The listing below holds pictures; exclude them. Return exactly the lines from the one with "깨끗이 씻은 딸기는 하나씩 반을 갈라 준비해 주세요." through the one with "2025年,全国一般公共预算".

- [Material for this exercise]:
----

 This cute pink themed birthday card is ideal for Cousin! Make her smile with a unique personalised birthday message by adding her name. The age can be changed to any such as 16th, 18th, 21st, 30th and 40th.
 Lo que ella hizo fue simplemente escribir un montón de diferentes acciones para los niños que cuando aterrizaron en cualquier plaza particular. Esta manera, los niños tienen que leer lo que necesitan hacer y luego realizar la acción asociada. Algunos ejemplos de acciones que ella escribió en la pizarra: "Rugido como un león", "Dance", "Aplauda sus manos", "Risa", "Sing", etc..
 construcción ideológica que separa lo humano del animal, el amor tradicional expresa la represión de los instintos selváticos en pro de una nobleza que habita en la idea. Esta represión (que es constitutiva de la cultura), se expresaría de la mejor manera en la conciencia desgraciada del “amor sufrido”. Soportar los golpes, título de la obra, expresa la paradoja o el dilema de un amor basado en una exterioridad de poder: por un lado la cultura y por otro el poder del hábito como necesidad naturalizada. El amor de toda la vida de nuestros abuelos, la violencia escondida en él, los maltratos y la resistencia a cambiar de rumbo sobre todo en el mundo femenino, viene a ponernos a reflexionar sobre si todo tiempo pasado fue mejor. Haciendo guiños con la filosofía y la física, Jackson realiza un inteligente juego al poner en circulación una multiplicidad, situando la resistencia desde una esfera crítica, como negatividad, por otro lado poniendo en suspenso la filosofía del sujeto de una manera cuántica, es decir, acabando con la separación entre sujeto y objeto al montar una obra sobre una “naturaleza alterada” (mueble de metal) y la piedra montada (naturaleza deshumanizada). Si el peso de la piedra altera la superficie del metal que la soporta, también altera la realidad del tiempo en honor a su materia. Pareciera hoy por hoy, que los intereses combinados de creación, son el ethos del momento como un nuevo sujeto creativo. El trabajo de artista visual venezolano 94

----

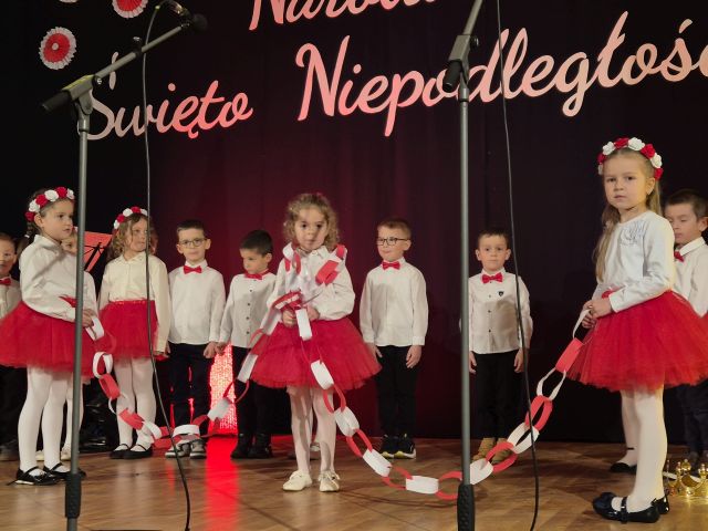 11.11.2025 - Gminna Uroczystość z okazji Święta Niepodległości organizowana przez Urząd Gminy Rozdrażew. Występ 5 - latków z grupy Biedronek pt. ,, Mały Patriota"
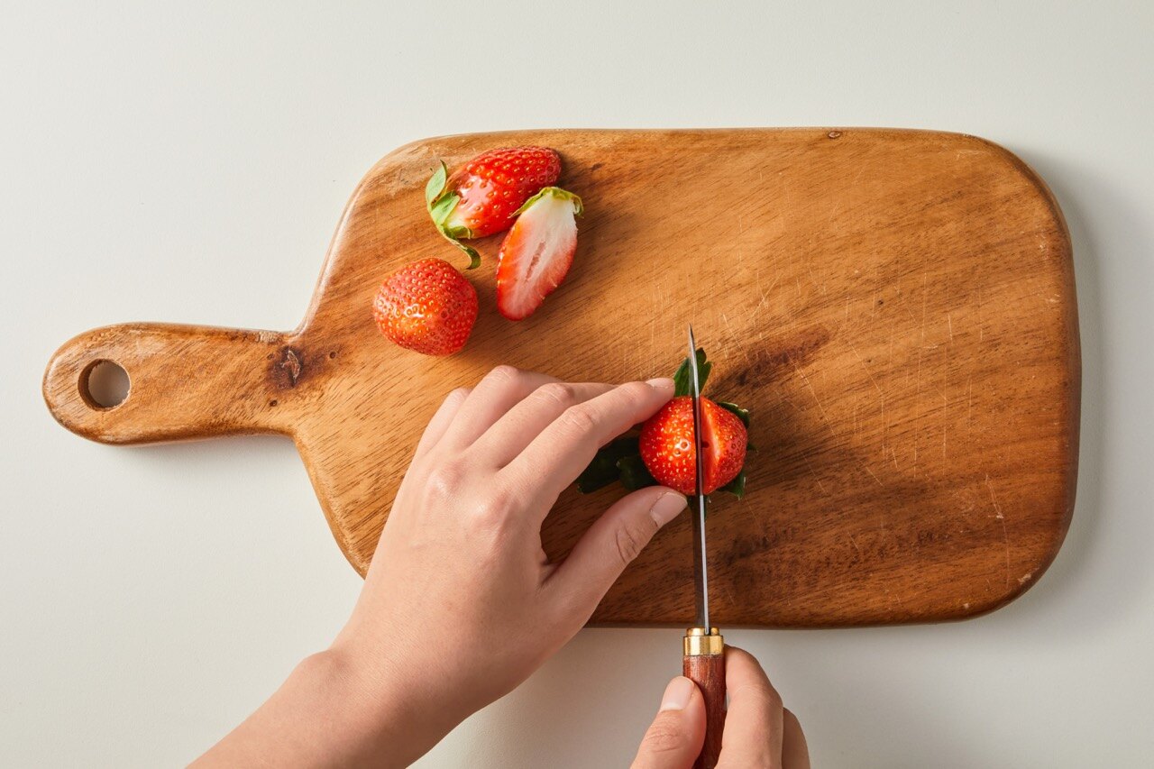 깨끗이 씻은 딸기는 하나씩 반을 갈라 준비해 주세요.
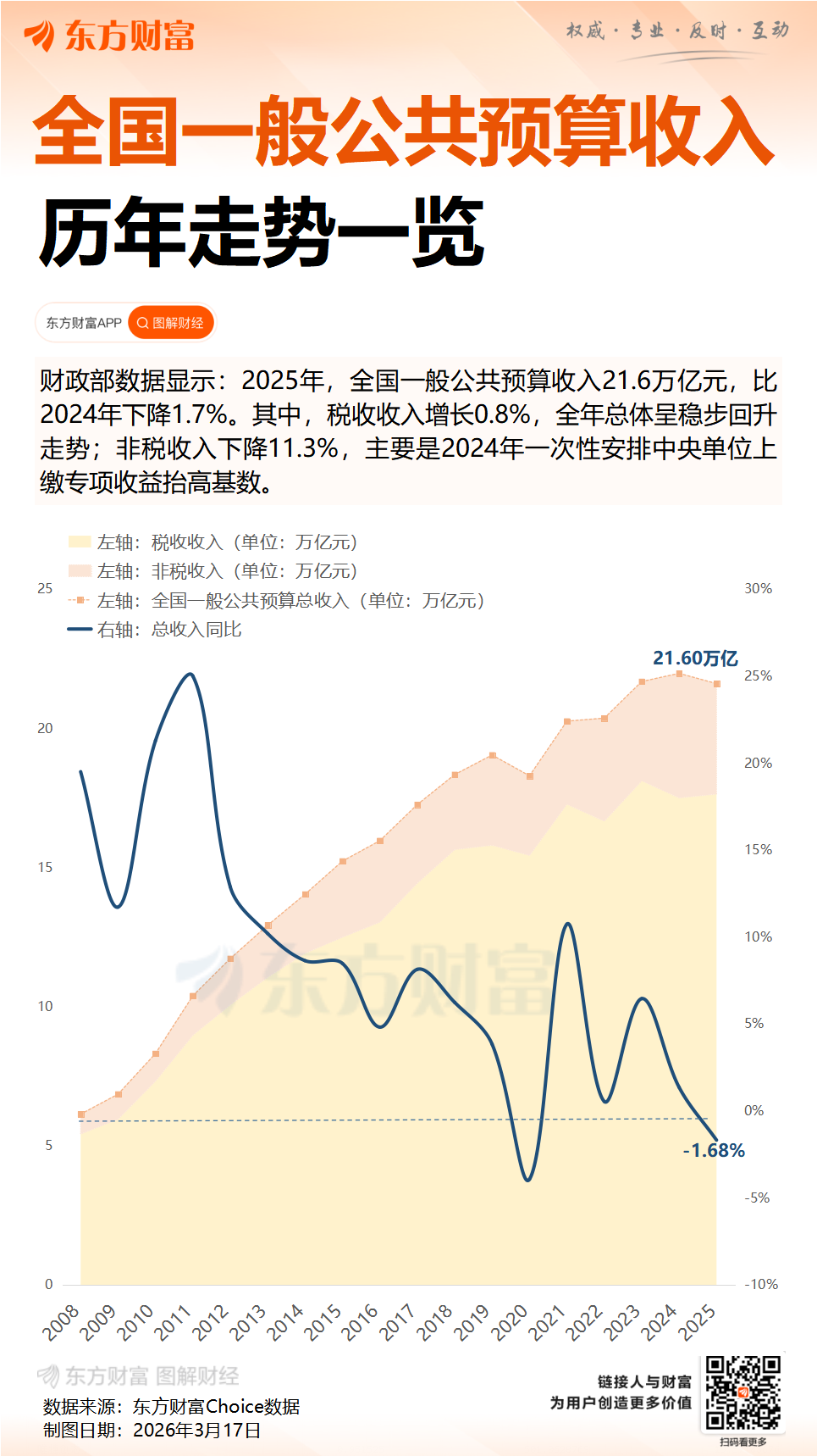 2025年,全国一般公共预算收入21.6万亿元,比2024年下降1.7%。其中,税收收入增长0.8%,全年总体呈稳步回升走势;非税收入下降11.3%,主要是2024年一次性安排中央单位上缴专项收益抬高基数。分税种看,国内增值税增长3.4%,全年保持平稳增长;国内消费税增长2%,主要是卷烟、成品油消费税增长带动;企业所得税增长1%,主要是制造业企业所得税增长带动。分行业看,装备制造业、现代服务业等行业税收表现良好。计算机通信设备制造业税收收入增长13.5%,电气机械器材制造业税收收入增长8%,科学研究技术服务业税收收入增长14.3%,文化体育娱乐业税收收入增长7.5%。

----

- [Answer space]:
 깨끗이 씻은 딸기는 하나씩 반을 갈라 준비해 주세요.
 2025年,全国一般公共预算收入21.6万亿元,比2024年下降1.7%。其中,税收收入增长0.8%,全年总体呈稳步回升走势;非税收入下降11.3%,主要是2024年一次性安排中央单位上缴专项收益抬高基数。分税种看,国内增值税增长3.4%,全年保持平稳增长;国内消费税增长2%,主要是卷烟、成品油消费税增长带动;企业所得税增长1%,主要是制造业企业所得税增长带动。分行业看,装备制造业、现代服务业等行业税收表现良好。计算机通信设备制造业税收收入增长13.5%,电气机械器材制造业税收收入增长8%,科学研究技术服务业税收收入增长14.3%,文化体育娱乐业税收收入增长7.5%。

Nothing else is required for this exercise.